A seismically isolated laminated rubber characterized by being 0% or more. 2. A rubber sheet layer obtained by applying an unvulcanized rubber solution containing a vulcanizing agent to a sheet rubber that has been vulcanized in advance and drying, and a metal plate obtained by applying a vulcanizing adhesive. 1 to 50 layers are alternately laminated in the tubular guide, and the temperature is 100 to 170.

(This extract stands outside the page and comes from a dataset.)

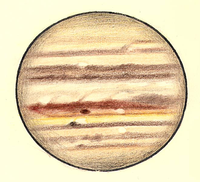 - 上のスケッチのカラー版。色鉛筆にて31cmの見え方を再現した。うまく色調を再現できた。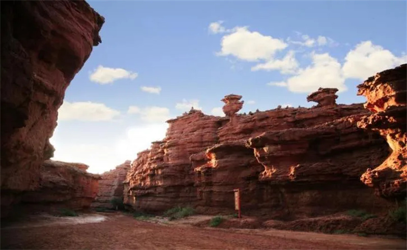 旅游区全长5公里,藏于“七彩神山”阴山,红黄沙石经万年雕琢显沧桑。夕阳下山体流光溢彩,以红、黄等多色展现神奇壮美。

A method for producing a base-isolated laminated rubber, which comprises pressurizing and adhering in a laminating direction at ℃. 3. The pressure applied when adhering by pressing in the laminating direction is 20 to 1 of the load pressure when the seismic isolation laminated rubber is actually used.
It is 00%, The manufacturing method of the base-isolated laminated rubber of Claim 2.